ハープソンの期間、道内は寒くて雨(雪)模様で、
思わしくない天気の日々が続いていましたねー。

両生類はなんとか卵は産んでくれているので、
出掛ければ観察することはできるんだけど、
出かける気持ちを天候に折られちゃった人も多かったのではないでしょうか。

第二期(夏:6/30-7-9)は天気が良くなることを祈ります!

自分のハープソンの期間の動きは、以下のような感じでした。

4/30。
雨。
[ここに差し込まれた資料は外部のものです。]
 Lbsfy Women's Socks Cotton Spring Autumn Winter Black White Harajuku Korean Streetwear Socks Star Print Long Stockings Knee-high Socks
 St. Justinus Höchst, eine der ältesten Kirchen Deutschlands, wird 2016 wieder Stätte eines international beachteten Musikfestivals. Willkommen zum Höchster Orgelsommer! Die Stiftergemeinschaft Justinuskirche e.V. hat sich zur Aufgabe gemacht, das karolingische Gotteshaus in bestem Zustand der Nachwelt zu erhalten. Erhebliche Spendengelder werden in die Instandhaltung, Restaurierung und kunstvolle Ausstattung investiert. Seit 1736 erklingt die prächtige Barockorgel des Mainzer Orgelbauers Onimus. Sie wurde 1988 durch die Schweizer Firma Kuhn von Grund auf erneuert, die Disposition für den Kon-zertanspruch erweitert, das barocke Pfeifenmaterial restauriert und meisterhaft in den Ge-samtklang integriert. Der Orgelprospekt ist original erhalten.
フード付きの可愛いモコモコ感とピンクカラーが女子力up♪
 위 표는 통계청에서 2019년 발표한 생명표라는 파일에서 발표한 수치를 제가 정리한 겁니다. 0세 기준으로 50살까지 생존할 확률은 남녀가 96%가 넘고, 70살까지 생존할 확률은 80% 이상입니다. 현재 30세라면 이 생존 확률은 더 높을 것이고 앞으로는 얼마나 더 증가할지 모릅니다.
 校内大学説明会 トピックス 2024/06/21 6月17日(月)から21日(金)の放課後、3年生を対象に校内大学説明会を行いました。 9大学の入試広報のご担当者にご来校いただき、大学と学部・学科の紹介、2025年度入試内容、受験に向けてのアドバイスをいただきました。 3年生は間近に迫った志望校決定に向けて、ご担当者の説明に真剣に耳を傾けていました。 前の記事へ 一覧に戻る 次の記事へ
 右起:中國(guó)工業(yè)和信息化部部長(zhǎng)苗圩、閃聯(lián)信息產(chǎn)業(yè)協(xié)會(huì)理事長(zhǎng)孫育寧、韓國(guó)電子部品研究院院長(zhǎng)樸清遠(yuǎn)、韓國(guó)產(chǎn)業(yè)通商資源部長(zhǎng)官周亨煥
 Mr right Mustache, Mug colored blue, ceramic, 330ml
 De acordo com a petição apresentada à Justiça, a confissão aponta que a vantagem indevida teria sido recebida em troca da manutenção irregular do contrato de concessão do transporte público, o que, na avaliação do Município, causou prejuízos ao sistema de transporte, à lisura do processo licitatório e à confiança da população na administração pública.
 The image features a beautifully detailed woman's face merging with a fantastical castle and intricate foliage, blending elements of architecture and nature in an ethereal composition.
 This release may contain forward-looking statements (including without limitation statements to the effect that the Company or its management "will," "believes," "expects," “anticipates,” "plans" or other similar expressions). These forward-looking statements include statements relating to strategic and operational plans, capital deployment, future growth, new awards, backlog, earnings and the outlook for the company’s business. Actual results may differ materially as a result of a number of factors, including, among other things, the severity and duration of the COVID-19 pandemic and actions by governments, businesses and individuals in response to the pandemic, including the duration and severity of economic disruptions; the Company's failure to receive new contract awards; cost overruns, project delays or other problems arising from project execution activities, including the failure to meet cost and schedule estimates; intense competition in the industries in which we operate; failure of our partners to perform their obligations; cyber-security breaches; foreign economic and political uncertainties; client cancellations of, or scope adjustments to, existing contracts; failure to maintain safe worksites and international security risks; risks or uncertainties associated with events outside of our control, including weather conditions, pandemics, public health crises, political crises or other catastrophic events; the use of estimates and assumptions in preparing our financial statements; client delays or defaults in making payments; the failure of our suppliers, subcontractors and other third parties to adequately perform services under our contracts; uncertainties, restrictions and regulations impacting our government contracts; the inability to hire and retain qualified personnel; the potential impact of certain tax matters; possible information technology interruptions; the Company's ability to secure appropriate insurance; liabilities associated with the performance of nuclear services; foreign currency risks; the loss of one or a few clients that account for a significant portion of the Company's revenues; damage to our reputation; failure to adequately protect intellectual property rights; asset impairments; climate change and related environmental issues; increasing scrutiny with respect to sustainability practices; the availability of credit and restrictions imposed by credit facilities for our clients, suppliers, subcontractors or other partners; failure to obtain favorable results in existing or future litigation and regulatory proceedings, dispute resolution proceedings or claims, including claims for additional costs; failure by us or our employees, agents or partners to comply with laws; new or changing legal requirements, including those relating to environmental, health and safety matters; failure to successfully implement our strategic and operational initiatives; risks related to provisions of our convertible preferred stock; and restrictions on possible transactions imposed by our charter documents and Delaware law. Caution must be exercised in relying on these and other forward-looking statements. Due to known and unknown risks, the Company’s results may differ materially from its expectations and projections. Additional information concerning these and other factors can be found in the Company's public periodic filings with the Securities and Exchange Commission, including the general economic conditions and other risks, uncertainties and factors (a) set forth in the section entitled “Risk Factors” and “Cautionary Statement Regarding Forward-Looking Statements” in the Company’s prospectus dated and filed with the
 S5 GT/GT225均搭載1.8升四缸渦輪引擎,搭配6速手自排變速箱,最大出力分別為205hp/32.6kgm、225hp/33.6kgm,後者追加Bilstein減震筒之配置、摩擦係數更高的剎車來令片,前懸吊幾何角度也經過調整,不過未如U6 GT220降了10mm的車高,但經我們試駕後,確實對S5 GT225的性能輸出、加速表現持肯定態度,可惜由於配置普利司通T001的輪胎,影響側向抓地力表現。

寒い。
釧路のフィールドにひき続いての荒天。

この日は、恵庭公園で
北海道エコ動物自然専門学校の野生生物コースの野外実習。

限局的な環境だけど、止水や流水のある環境差と
生き物を見て歩いて、季節のものを擬似ガイドしてもらう内容でした。

学生さんの力も借りて、無事にエゾアカガエルの卵塊も確認。

思いがけないものもちょっといたりして、良かった。

今度は暖かい日にゆっくりやりたいね。

家への帰宅途中に雨で出てきたエゾアカガエル成体を発見。
車通行量が多くて、車止められずに写真撮れず。
残念ながら参考記録。

この件で気分的に不完全燃焼を起こしたので、
帰り際の山に入ってエゾサンショウウオを掴む。
(産卵待ちのオスを発見)

掴んだ肌がすごくスベスベになる。
ハンドルを持つ手がスベスベで運転しにくい。
サンショウウオの粘液を顔中に塗れば、お肌スベスベになることは間違いない。
ただし何か別の衛生的な問題のあるものもたくさん顔につきそう。

プルンプルンでもモチモチでもなく、ただひたすらスベスベになる。

5/1・2
なんだかダウン。
イベントと、授業の下準備。
外はどんより。少し雨。

5/3。
雨。寒い。
この日は、滝野すずらん丘陵公園で、
エゾサンショウウオの卵を探そう!のイベント。
イベント報告はこちら

晴れて、ぽかぽかの陽気でできたら最高なので、
来年はてるてる坊主大作戦ですな。

次回の授業のために、産みたてのエゾアカガエルの卵を探しに
夜に山に入る。
結果、幽霊疑惑が発生。

5/4・5。
どんより雨。寒い…。
5/7の実習のためにエゾアカガエルとエゾサンショウウオの幼生を探す。
しかし、全く孵化していない。泣きそう。
寒いから、卵の中身の成長自体も遅れてるみたいだ。

実習のスケッチのモデルが見つからず、泣いた。
全米は泣いてくれなかった。

5/6。
雨。寒い。
そろそろ「GW」にキレ始める。

ゴールデンウィークってよォォォ…。
『ウイーク』ってのは、わかる・・・ スゲーよくわかる。
だいたい休みが1週間くらい続くからな・・・。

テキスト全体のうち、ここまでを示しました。